Духи, конечно, ни в чем не виноваты, но теперь я больше не люблю этот аромат и без сожаления кидаю почти пустой флакончик в мусорное ведро.
Пусть теперь Глеб нюхает любовницу, а не меня.
***
Поздним вечером, когда, наконец, дети уже легли спать, появляется возможность спокойно поговорить с мамой. Судя по ее взгляду, этого момента она ждала целый день.
— Я подам на развод с Глебом. Мы можем пожить у тебя?
Глава 10
Она
Мне кажется, мама не удивлена. Этот день многое ей рассказал, плюс она не глупая и по моему поведению поняла многое. Но все же, я ловлю в ее глазах сожаление. Она искренне хочет мне счастья.
— Я надеялась, что до этого не дойдет, — вздыхает. — Надеялась, что ты мою судьбу не повторишь и тебе не придется ни воевать с мужем, ни растить детей одной. Уверена, что не поспешила с выводами?

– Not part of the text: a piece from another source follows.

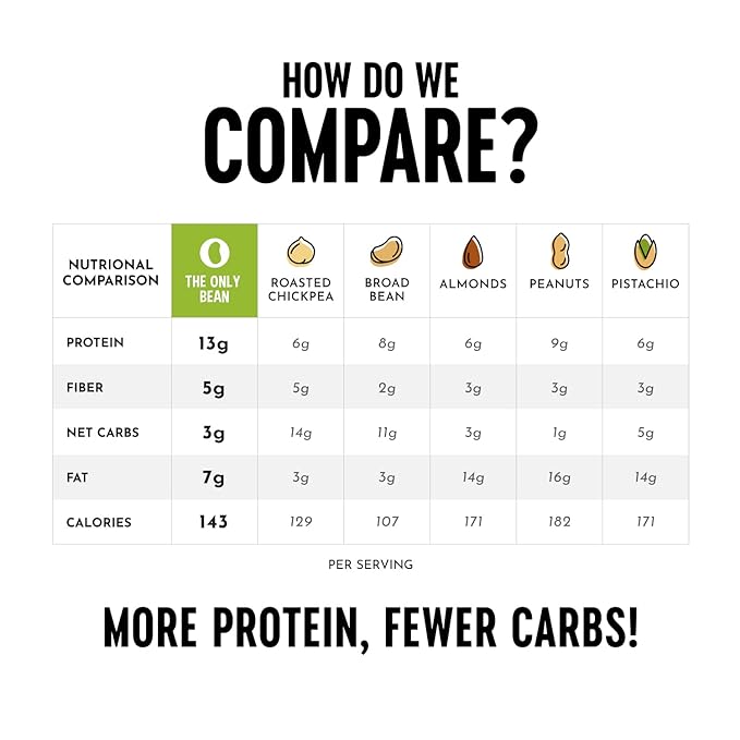 - LOW-CARB & KETO FRIENDLY SNACK: Enjoy a small handful or the whole bag at once! With only 3 Net Carbs per serving, these beans are a guilt-free keto food and a great protein chip alternative, too! It's perfect as an office snack, post-workout, or even as a healthy diabetic snack!

— Не поспешила ли я? Да я в тот же самый день… Должна была заявить, при всех, что будет развод. Кем он меня выставил? — бросаю с обидой и болью.
— Маша — точно его любовница? Странно это все как-то... И про друга какого-то слышу впервые. Я не понимаю, как… Что стряслось? Почему? У вас же все хорошо было.
— Хорошо, но скучно. А еще Глеб теперь не видит смысла в праведной жизни, сам мне сказал. И, когда я ругалась, он ни разу не опроверг, что Маша — не его любовница. Да о чем говорить, мама! У меня есть глаза, есть уши. Эта сучка приперлась в дом хозяйкой положения… И на похоронах, тьфу…. Глеб в самый последний момент горсть земли бросил, когда уже закапывали. До этого со своей шлюхой на глазах у всех нянчился…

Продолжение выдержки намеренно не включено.